» PROBLEM
Starting at the line holding "施蟄存與陳慧華同研究生王興康" and finishing at the line holding "A refreshing and", transcribe the material exactly, keeping both ends but no pictures.

» SOURCE DATA
BEGIN

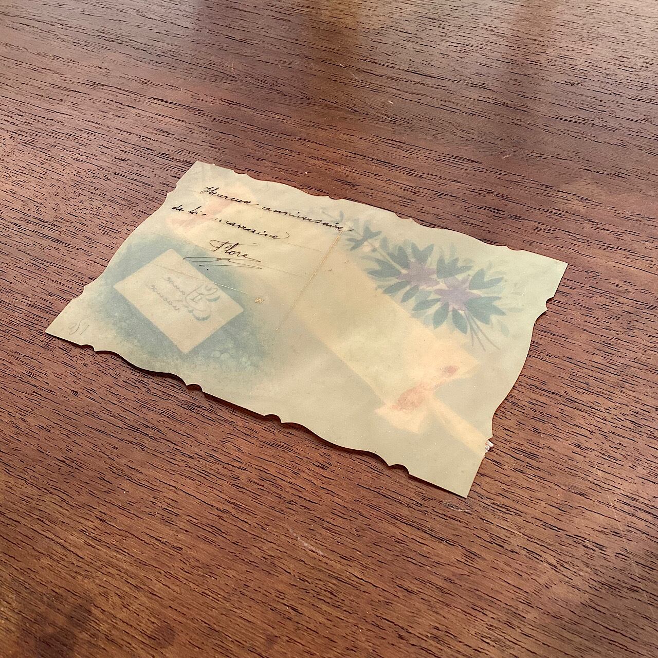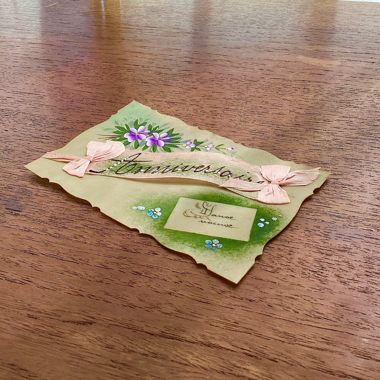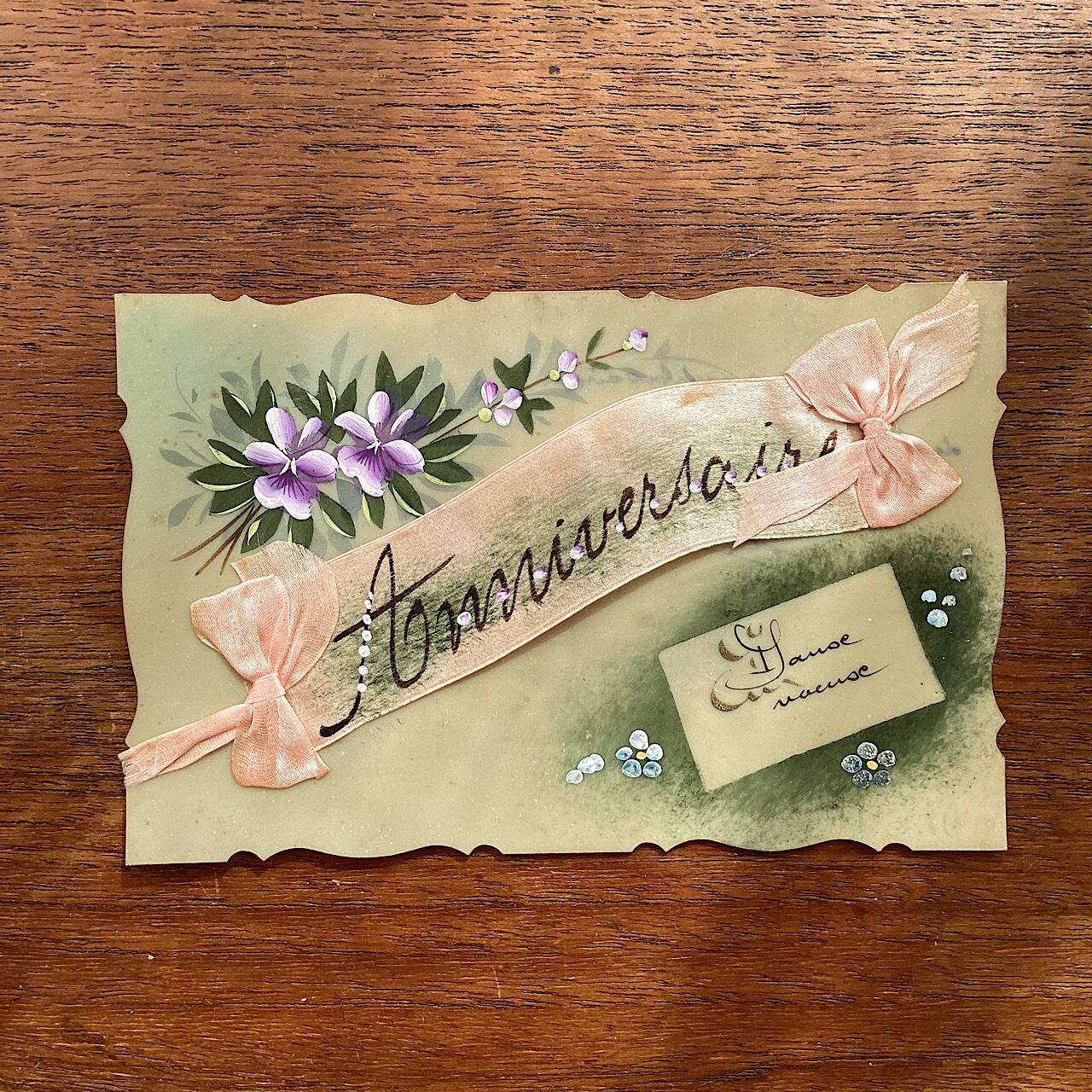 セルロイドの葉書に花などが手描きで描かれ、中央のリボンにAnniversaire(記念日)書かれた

END
BEGIN

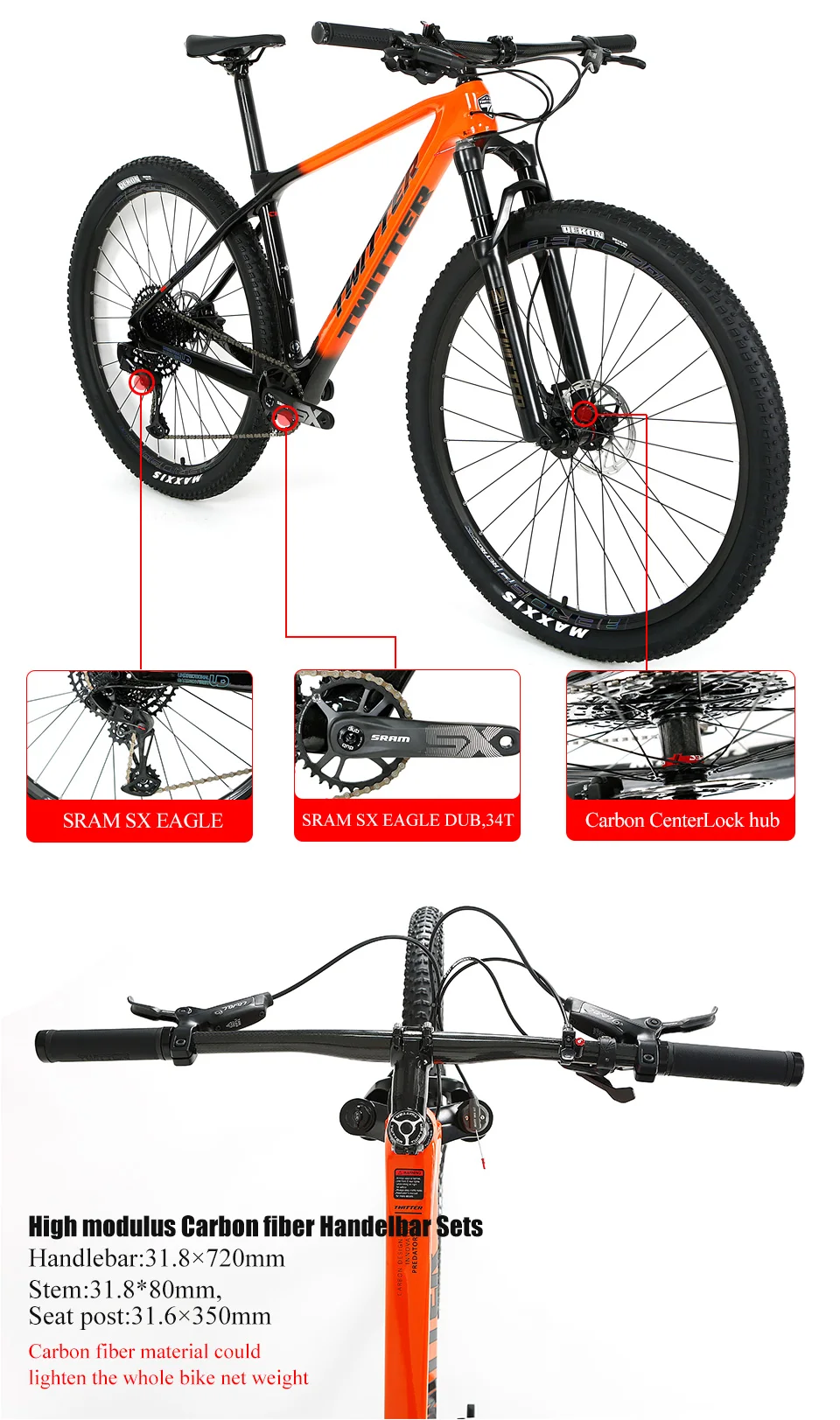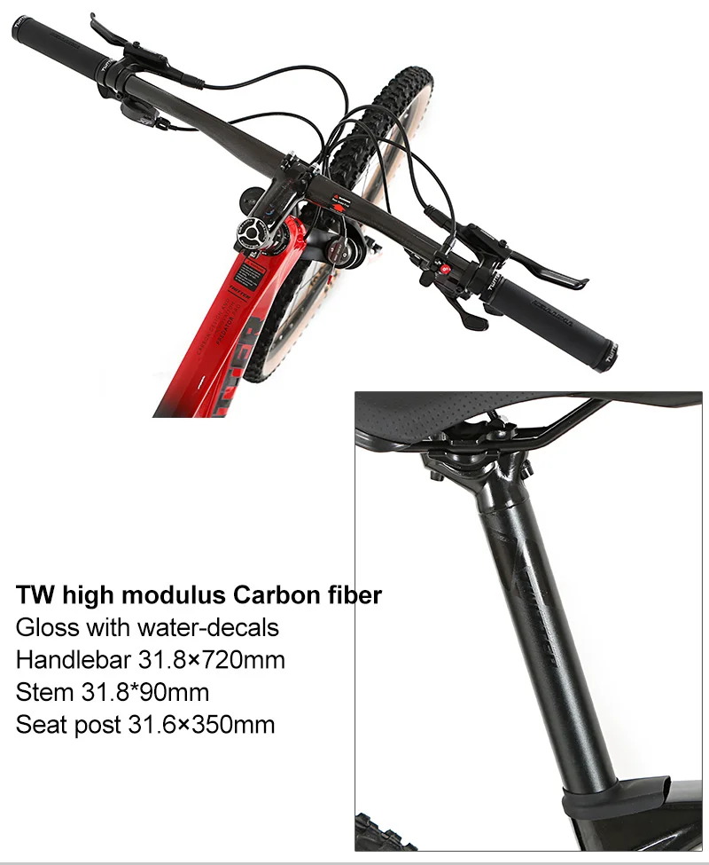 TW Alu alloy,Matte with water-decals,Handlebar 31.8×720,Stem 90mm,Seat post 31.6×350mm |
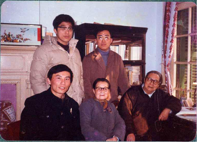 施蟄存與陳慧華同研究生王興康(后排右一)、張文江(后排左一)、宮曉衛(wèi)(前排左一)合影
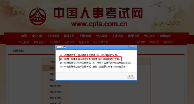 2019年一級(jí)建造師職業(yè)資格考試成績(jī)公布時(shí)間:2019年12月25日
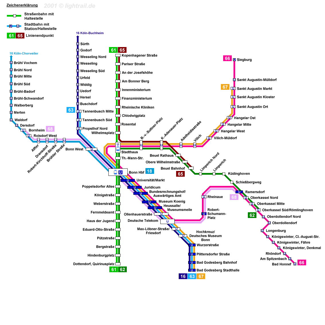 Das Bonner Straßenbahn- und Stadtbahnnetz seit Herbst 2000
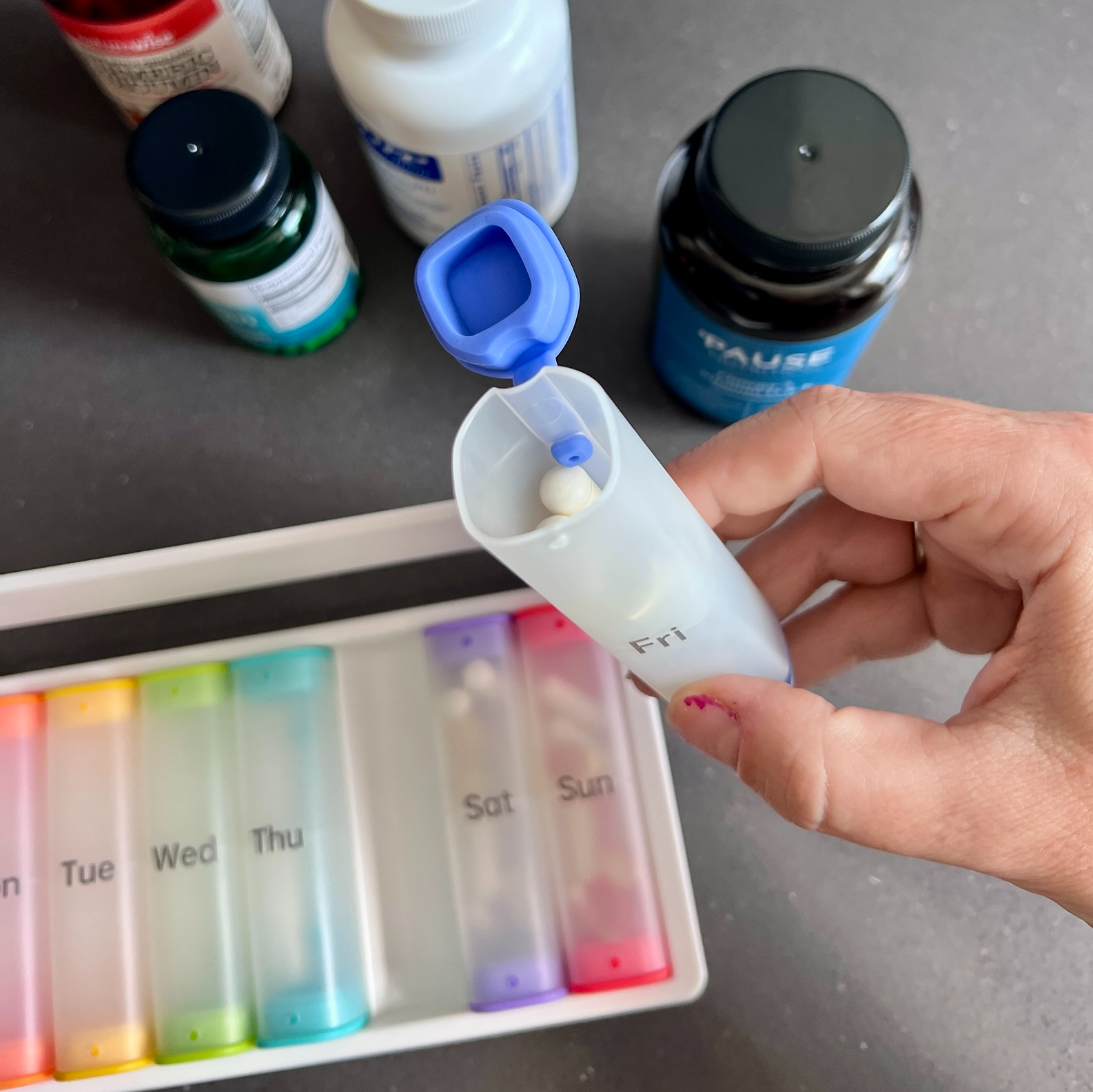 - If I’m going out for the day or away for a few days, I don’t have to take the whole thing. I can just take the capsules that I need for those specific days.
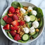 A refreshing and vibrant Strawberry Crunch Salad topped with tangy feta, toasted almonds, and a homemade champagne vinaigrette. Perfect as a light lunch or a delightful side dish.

END
BEGIN

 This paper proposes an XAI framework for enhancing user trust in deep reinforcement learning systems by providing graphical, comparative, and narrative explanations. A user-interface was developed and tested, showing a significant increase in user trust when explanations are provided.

END

» TASK RESPONSE
 施蟄存與陳慧華同研究生王興康(后排右一)、張文江(后排左一)、宮曉衛(wèi)(前排左一)合影
 2019年一級(jí)建造師職業(yè)資格考試成績(jī)公布時(shí)間:2019年12月25日
 Das Bonner Straßenbahn- und Stadtbahnnetz seit Herbst 2000
 - If I’m going out for the day or away for a few days, I don’t have to take the whole thing. I can just take the capsules that I need for those specific days.
 A refreshing and vibrant Strawberry Crunch Salad topped with tangy feta, toasted almonds, and a homemade champagne vinaigrette. Perfect as a light lunch or a delightful side dish.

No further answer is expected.